House Republicans are engaging in a completely partisan, evidence-free impeachment inquiry—but Peter Baker of The New York Times wants to talk about how the White House is treating this as a political issue. And just to get this out of the way right off the bat, the paragraph count before Baker acknowledges that Republicans have no evidence against Biden is seven.

In paragraph eight, he gets around to, “The Republican investigation so far has not produced concrete evidence of a crime by the president, as even some Republicans have conceded.” Even there, the implication is that the Republican investigation has produced some evidence, and they just need to make it concrete. In reality, the Republican investigation has produced no evidence that the president has engaged in any misconduct, let alone a crime.

Before the reader gets to that halfhearted admission, though, they’ve had to plow through a great deal of fretting about how the White House is treating this as political:

Forget the weighty legal arguments over the meaning of high crimes and misdemeanors or the constitutional history of the removal process.
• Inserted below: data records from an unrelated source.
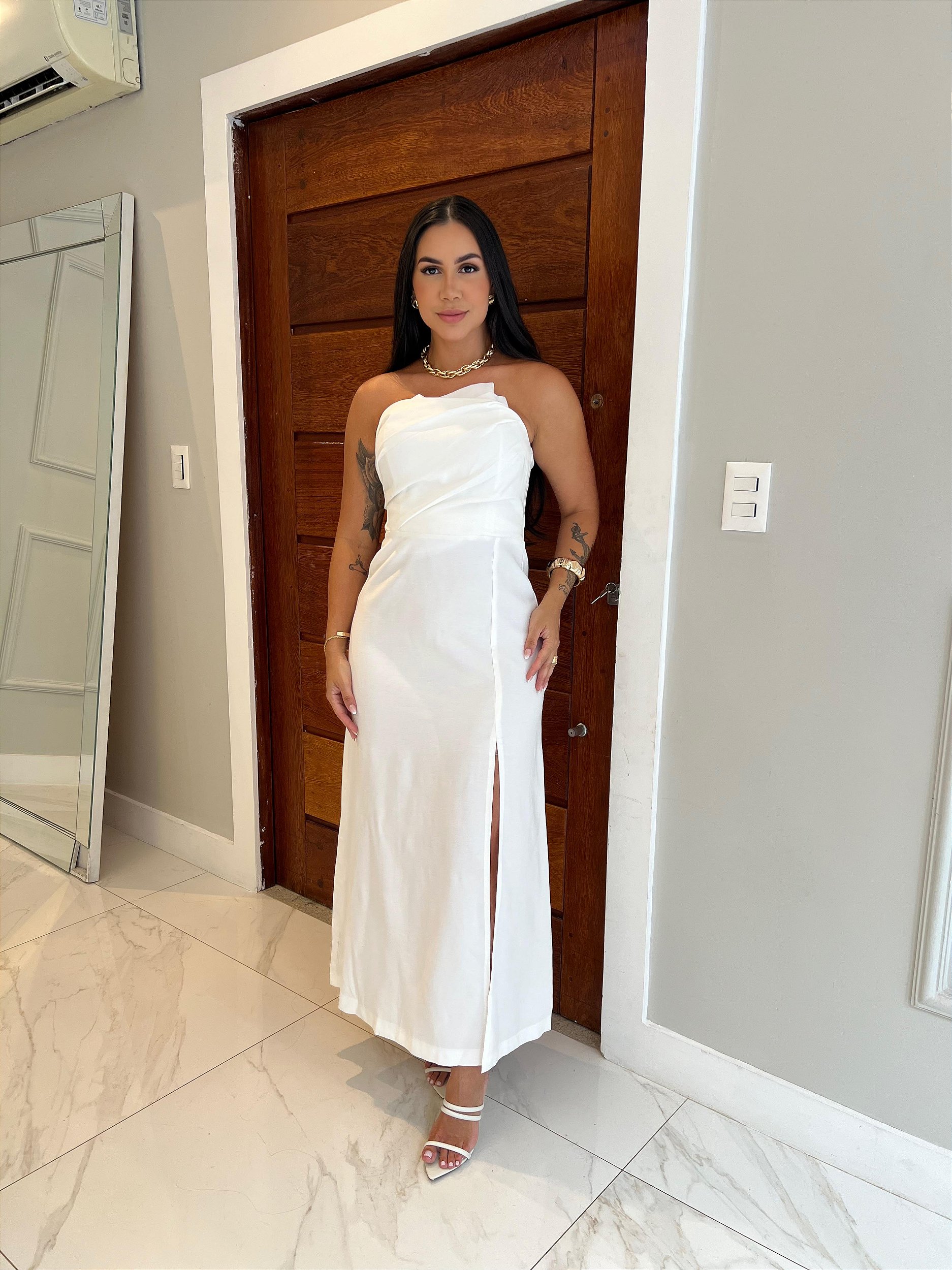 O busto com destaque valoriza o colo de forma elegante, enquanto a fenda frontal acrescenta movimento e sensualidade na medida certa. O zíper e o elastex nas costas garantem melhor ajuste ao corpo e conforto ao vestir.
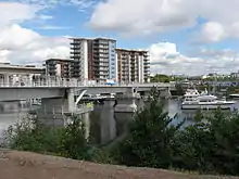 Costing approximately £5 million, Pont y Werin (English: People's Bridge) is a bridge crossing the River Ely, allowing pedestrians and cyclists to travel between the International Sports Village (ISV) and Penarth. It has significantly enhanced non vehicular access to the site by allowing the public to travel to the ISV via Cogan railway station.[10] It also completes the six and a half mile Bay circular walk. Construction of the 140 m (460 ft) pedestrian and cycle bridge, designed by Faber Maunsell and Holder Mathias architects, commenced in summer 2009 and it opened to the public in July 2010. The four main sections, which weigh between 38 and 46 tonnes, were lowered into place by the 1,200-tonne crane, the largest in the UK, in late March 2010.[11] Funding for the new bridge came from the Welsh Government (£1.645m), Cardiff Council(£1.3m), Sustrans (£1.15m), Cardiff Harbour Authority (£250,000) and £200,000 from the Vale of Glamorgan Council. Sustrans used part of a £50m award it received from the Big Lottery Fund in 2007 after winning a national TV vote.[11]
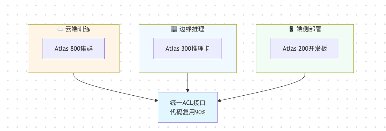CANN通过统一的中间表达层(类似于编译器的IR),将模型结构与底层硬件完全解耦。无论是云端的Atlas 800高性能训练集群,边缘的Atlas 300推理加速卡,还是端侧的Atlas 200开发套件,都使用同一套ACL(Ascend Computing Language)编程接口。这意味着开发者只需编写一次代码,就能在不同算力平台间无缝迁移,代码复用率可达90%以上。
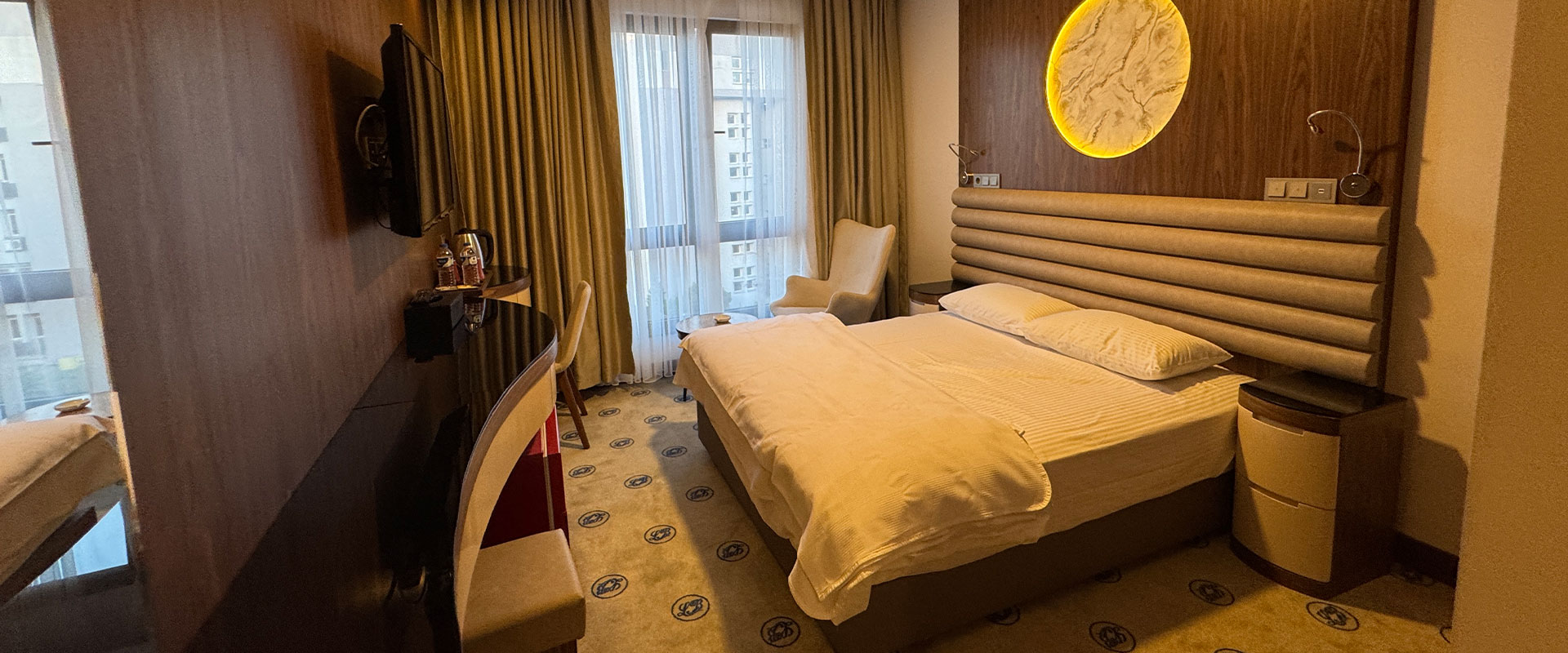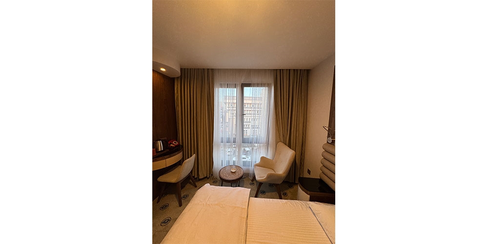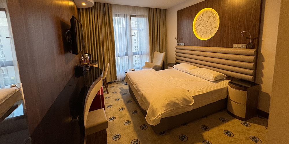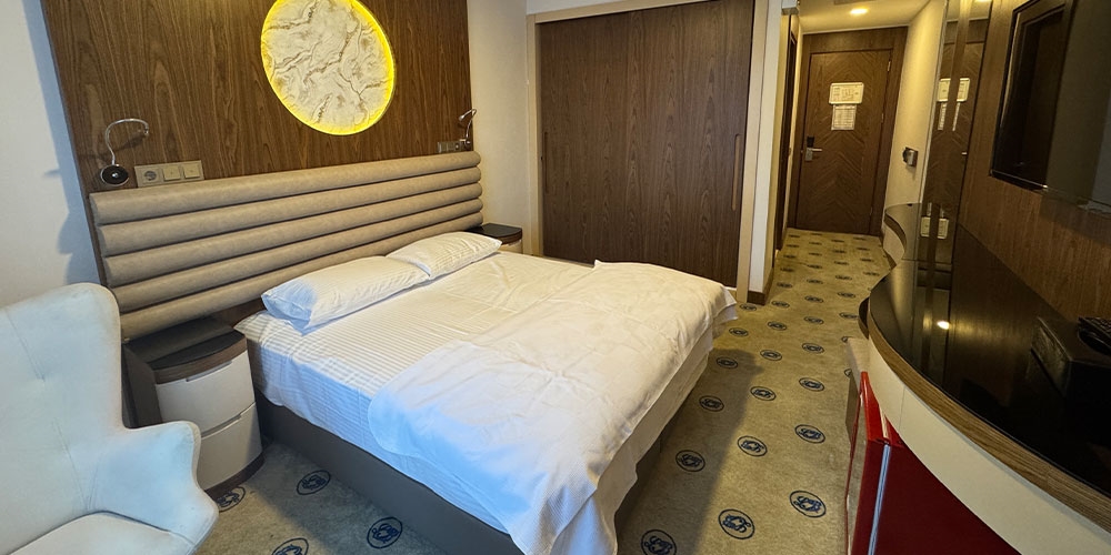 Toplam 25 m² genişliğe sahip çift kişilik odalarımız, iki kişilik konaklamalar için ideal şekilde tasarlanmıştır. Modern çizgilere sahip dekorasyonu ve kullanışlı alan planlamasıyla misafirlerimize hem iş seyahatlerinde hem de tatil amaçlı ziyaretlerde keyifli bir deneyim sunar.

Mr. Biden’s defense team has chosen to take on the Republican threat by convincing Americans that it is nothing more than base partisanship driven by a radical opposition.

How exactly would Baker propose the White House make weighty legal arguments when there is no legal case against Biden? When after months of fruitless investigations into Biden, Republicans have simply decided to go ahead with claiming to have found the things they looked for and didn’t find? What would he have the White House or any other Democrats do in response?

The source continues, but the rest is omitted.